Brief summary of cryo-EM data processing.
1,032,611 particles were picked automatically and extracted in cisTEM software [28]. Three rounds of 2D classification were carried out and classes with clearer structure features were selected. Representative classes are shown here. A total of 398,409 particles were used in 3D Auto Refine and the final reconstruction was generated. The resolution was determined with FSC cutoff at 0.143.
Fig 3.
Cryo-EM map of HER2-trastuzumab-pertuzumab.
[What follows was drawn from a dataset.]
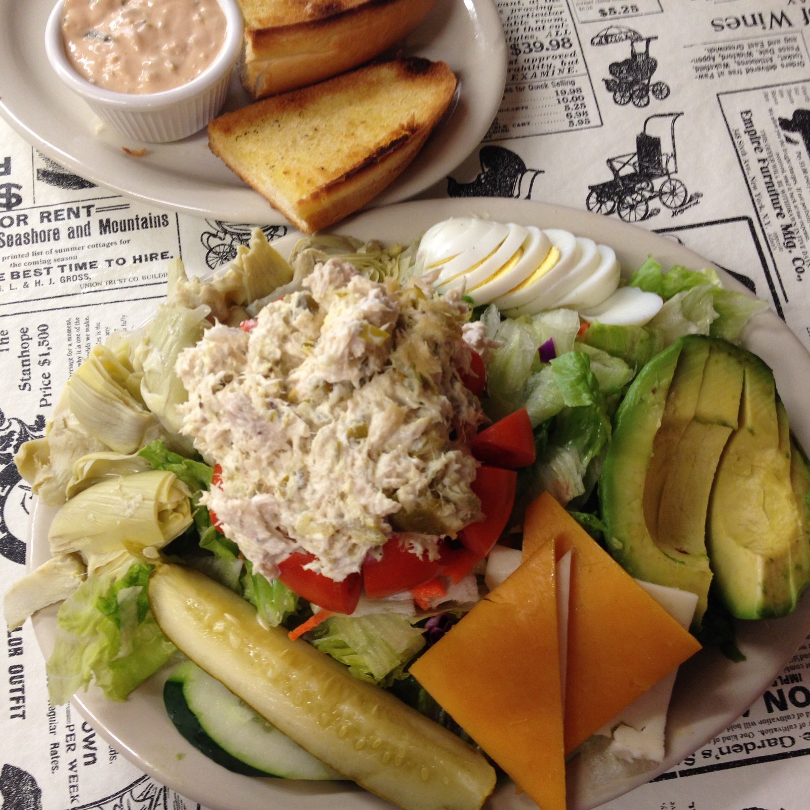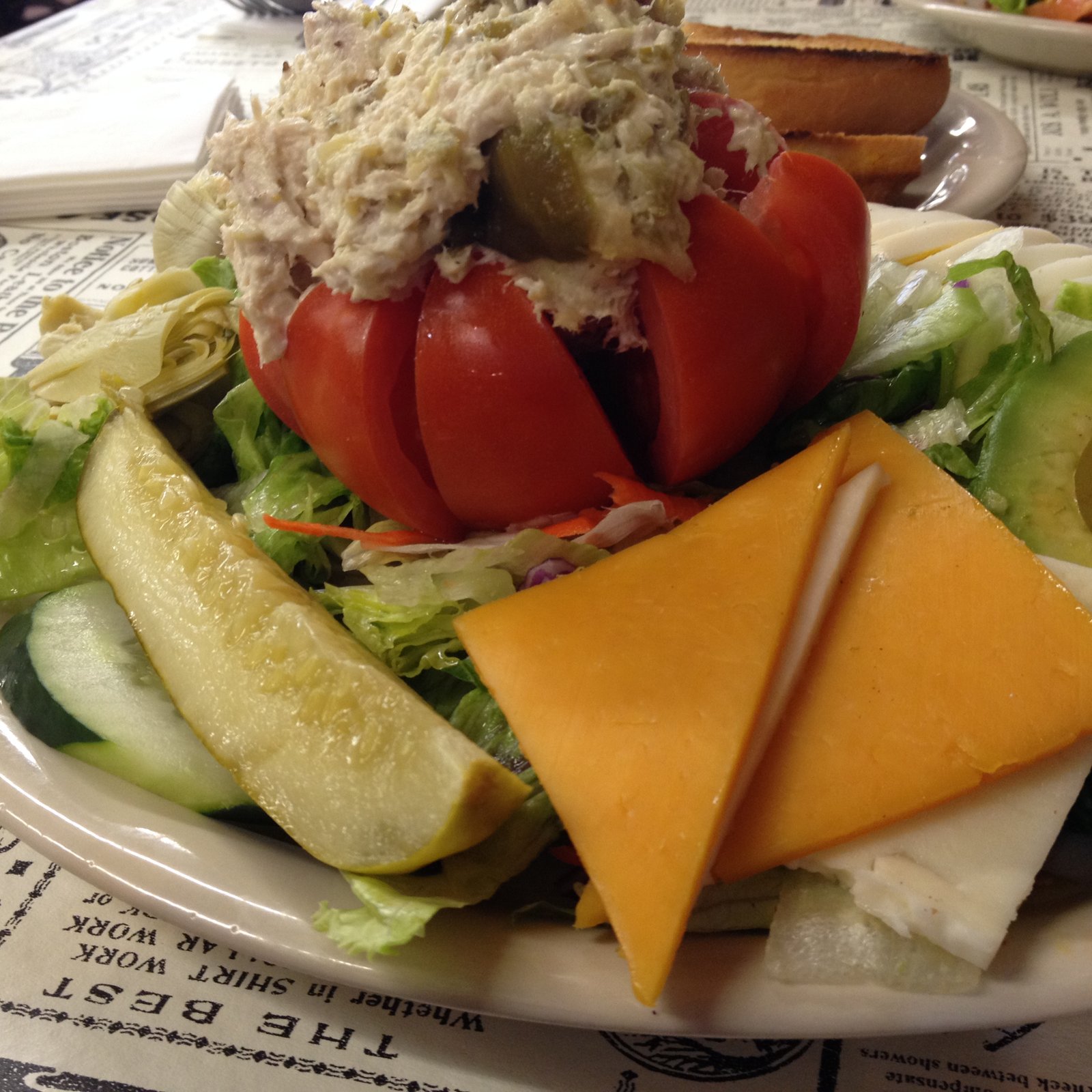 The (excellent) tuna salad stuffed tomato is on top of a bed of lettuce- enough to be its own salad. The accompaniments- artichokes, hard boiled egg, avocado, cheese and pickle fully round out the plate and then there's the delightful toasted garlic bread…a meal. A wonderful meal.
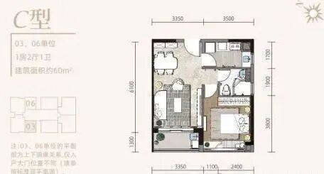 ✅ 建面约61㎡1房2厅1卫(C型)|单身贵族首选|220万/套起

A. Cryo-EM map showing the three components of the ternary complex: HER2 (sky blue), trastuzumab Fab (pink), and pertuzumab Fab (orange). B. Local resolution analysis of the final construction calculated using ResMap. C. Final construction (grey surface) with HER2 (sky blue), trastuzumab Fab (pink), and pertuzumab Fab (orange) fitted in the map. Glycans on HER2 are shown as sticks.
Fig 4.
Overall structure of HER2-trastuzumab-pertuzumab and comparison with HER2-pertuzumab (PDB: 1S78) and HER2-trastuzumab (PDB: 1N8Z) structures.
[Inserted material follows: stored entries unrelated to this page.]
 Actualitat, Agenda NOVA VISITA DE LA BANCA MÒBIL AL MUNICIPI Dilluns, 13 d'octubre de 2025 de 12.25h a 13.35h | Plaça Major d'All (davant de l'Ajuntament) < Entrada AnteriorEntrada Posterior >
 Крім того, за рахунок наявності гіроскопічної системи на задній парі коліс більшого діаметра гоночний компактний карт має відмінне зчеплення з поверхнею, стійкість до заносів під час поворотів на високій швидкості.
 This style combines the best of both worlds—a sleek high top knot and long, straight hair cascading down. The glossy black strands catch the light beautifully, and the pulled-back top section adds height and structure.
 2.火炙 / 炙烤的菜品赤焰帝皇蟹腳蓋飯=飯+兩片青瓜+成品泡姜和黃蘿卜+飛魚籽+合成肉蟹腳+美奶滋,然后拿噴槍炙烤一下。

A. Overall structure of HER2-trastuzumab-pertuzumab. Domain I through domain IV of HER2 are shown in green, teal, cyan, and blue respectively. Trastuzumab Fab and pertuzumab Fab are shown in pink and yellow respectively. The previously proposed pertuzumab-induced new trastuzumab epitope is highlighted in magenta. B. Structure comparison of HER2-trastuzumab-pertuzumab and HER2-pertuzumab. In HER2-trastuzumab-pertuzumab, HER2, pertuzumab and trastuzumab are shown in cyan, yellow and pink respectively. In HER2-pertuzumab, HER2 and pertuzumab are shown in blue and orange respectively. C. Structure comparison of HER2-trastuzumab-pertuzumab and HER2-trastuzumab. In HER2-trastuzumab-pertuzumab, HER2, trastuzumab and pertuzumab are shown in cyan, pink and yellow respectively. In HER2- trastuzumab, HER2 and trastuzumab are shown in blue and magenta respectively. D. Distances between the C-terminus of trastuzumab VL and N-terminus of pertuzumab VL (68.6 Å), between C-terminus of trastuzumab VH and N-terminus of pertuzumab VH (56.2 Å), and between the C-termini of trastuzumab CH1 and pertuzumab CH1 (99.7 Å) were measured. The residues used for measurement are highlighted in spheres. Light chain and heavy chain of trastuzumab Fab are shown in pink and magenta. Light chain and heavy chain of pertuzumab Fab are shown in yellow and orange. The sequences used as nine-residue linkers in TPL bispecific antibody are highlighted in teal (light chain) and blue (heavy chain).
Fig 5.
Schematic representation of bispecific molecules targeting HER2.
A. Bispecific antibody with knob-into-hole Fc. B. Bispecific molecules with engineered hinge region of IgG3. C. Bispecific molecules connected by a dimeric coiled coil.